- Arcade flyer
- Developer: Capcom
- Publishers: WW: Capcom; NA: Taito (arcade);
- Director: Tokuro Fujiwara
- Programmer: Toshio Arima
- Artists: Tokuro Fujiwara Masayoshi Kurokawa
- Composer: Ayako Mori
- Series: Ghosts 'n Goblins
- Platform: Arcade NES, ZX Spectrum, Amstrad CPC, Commodore 64, Commodore 16, IBM PC, PC-88, Amiga, Atari ST, Game Boy Color, Game Boy Advance, Android, iOS;
- Release: September 5, 1985 Arcade JP: September 5, 1985; NA/EU: October 1985; NES JP: June 13, 1986; NA: November 1986; EU: March 23, 1989; ZX Spectrum EU: June 1986; C16, C64, CPC EU: 1986; IBM PC NA: 1987; PC-88 JP: 1987; Amiga, Atari ST UK: 1990; Game Boy Color NA: January 20, 2000; EU: August 24, 2000; Game Boy Advance JP: May 21, 2004; iOS, Android WW: March 15, 2017; ;
- Genre: Platform
- Modes: Single-player, multiplayer

= Ghosts 'n Goblins (video game) =

1985 video game

Ghosts 'n Goblins, known as in Japan, is a 1985 platform game developed and published by Capcom for arcades. It is the first game in the Ghosts 'n Goblins franchise, and has since been ported to numerous home platforms.
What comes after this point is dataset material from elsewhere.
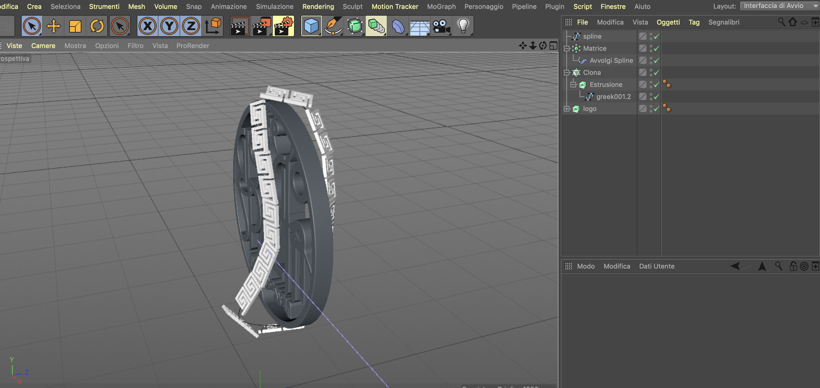 avrei bisogno di rendere il mio campione già estruso di greca, una specie di corda/catena che si snodi in lungo e in largo intorno al logo e che sia scorrevole, senza che risulti frammentata come nell'immagine.

It was a major commercial success across arcades and home systems. It was among the top ten highest-grossing arcade games of 1986 in Japan and the US, as well as the year's sixth best-selling computer game in the UK, with the Nintendo Entertainment System version selling over 1.6 million units worldwide. It initially received generally positive reviews from critics; it is often cited as one of the most difficult games of all time, and has retrospectively been considered one of the greatest video games ever made.

==Gameplay==

Arcade gameplay showing Arthur in his unarmored, boxer shorts-wearing state, which results from the first of only two hits he can take

The player controls a knight named Sir Arthur, who must defeat zombies, giants (referred to as "big men"), demons, cyclopes, dragons, and other monsters to rescue Princess Prin-Prin, who has been kidnapped by Astaroth (also called the Devil or Great Satan, to distinguish him from another boss demon named Satan), king of Demon World. Along the way, the player can pick up new weapons, bonuses, and extra suits of armor that can help in this task.
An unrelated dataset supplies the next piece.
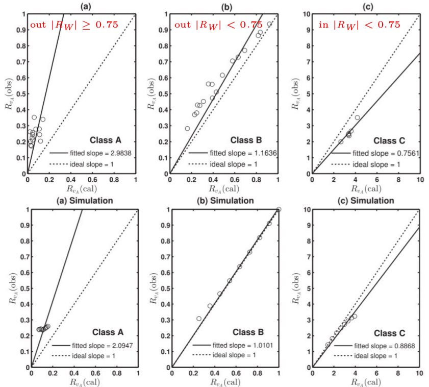 斜率同内传和外传阿尔文波振幅比之间的理论表达式。

The player can only be hit twice before losing a life, which results in having to restart the level, or starting at the checkpoint if the player has reached it. Furthermore, the player will lose a life if a level is not completed within a set time limit. Some bosses can not be killed by certain weapons, no matter how many times they are hit with them, such as the dragon with the lance, and the Unicorn with the shield/cross. After defeating Astaroth, the final boss, the player must then replay the entire game on a higher difficulty level to reach the genuine final ending.

==Ports==
Ghosts 'n Goblins was ported to Amiga, Amstrad CPC, Atari ST, Commodore 64, Commodore 16, Game Boy Color, IBM PC compatibles, PC-88, Nintendo Entertainment System, ZX Spectrum, and Plus/4.

=== Consoles===
The Famicom version was released on June 13, 1986, and was the first Famicom game to utilize a 128 KB cartridge. The NES version was released in North America in November 1986, and in Europe on March 23, 1989. The Famicom/NES version was programmed by Micronics and published by Capcom. A hidden in-game credits screen verifies that it was scored by the original composer, Ayako Mori.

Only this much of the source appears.